The Exocyst in Glucose Uptake
The exocyst is an octameric complex first identified in yeast as a tethering site for targeted exocytosis. We discovered that this complex plays a key role in the regulation of glucose transport, targeting Glut4 vesicles to sites of docking and fusion in adipocytes. The assembly and recognition of the exocyst by Glut4 vesicles is controlled by distinct G proteins activated by a different process. The activation of TC10 recruits the exocyst to the plasma membrane, while activation of the vesicular G protein RalA is required for exocyst recognition. We are investigating the order of exocyst assembly, its coordination with other transport machineries during Glut4 trafficking and additional regulatory mechanisms that influence the exocyst, focusing on upstream and downstream pathways.
Hormonal Regulation of Glycogen Synthesis
Defects in the regulation of non-oxidative glucose metabolism by insulin may be among the primary lesions in insulin resistance. In peripheral tissues, insulin modulates glycogen accumulation through a coordinate increase in glucose transport and regulation of glycogen metabolizing enzymes, while in liver insulin blocks glucose output by inhibiting gluconeogenesis, promoting glycogenesis and blocking glycogenolysis.

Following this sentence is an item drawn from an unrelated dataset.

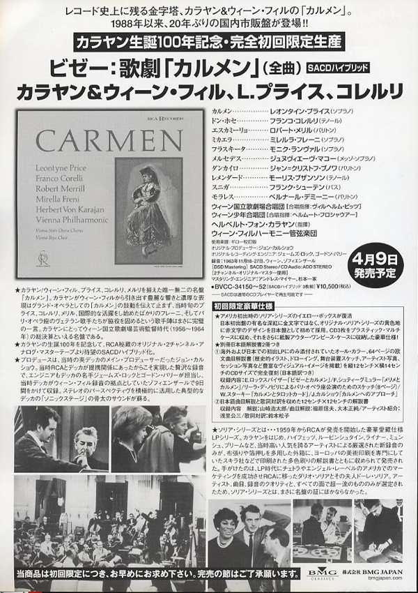 レコード史上に残る金字塔、カラヤン&ウィーン・フィルの「カルメン」。 1988年以来、20年ぶりの国内市販盤が登場!!

The principal mechanism by which hormones control glycogen metabolism is through regulation of glycogen synthase. Insulin activates glycogen synthase by several mechanisms, although the most prominent contribution involves promotion of the net dephosphorylation of the enzyme. We identified PTG as a protein phosphatase-scaffolding molecule that localizes exclusively to glycogen particles, and promotes the dephosphorylation of glycogen synthase and phosphorylase. We are investigating how hormones such as insulin control glycogen metabolism via the function of PTG and its related molecules.
Inflammatory Links between Obesity and Diabetes
Obesity induces a state of chronic low grade inflammation that contributes to the development of metabolic syndrome and diabetes. The inflammatory changes in obesity include monocyte activation, increased circulating inflammatory factors, and inflammation in fat and liver tissue. A key component of the inflammatory response to obesity is the infiltration of macrophages. Adipose tissue macrophages (ATMs) are a source of inflammatory cytokines that alter adipocyte insulin sensitivity and are required for the development of diabetes in obese mice. We have performed detailed characterization of the properties of ATMs isolated from lean and obese mice using a model of high fat diet feeding. These studies have shown that obesity leads to significant alterations in the inflammatory properties of ATMs and have revealed mechanisms by which activated macrophages impair fat cell function. We recently uncovered a crucial role for the protein kinase IKKe in this process. We are continuing to investigate the biology of ATMs in obesity to devise strategies that might prevent their activation and block adipose tissue inflammation. Additionally, we are studying the function of ATMs in knockout mice to identify the important inflammatory signalling pathways relevant in obesity and diabetes.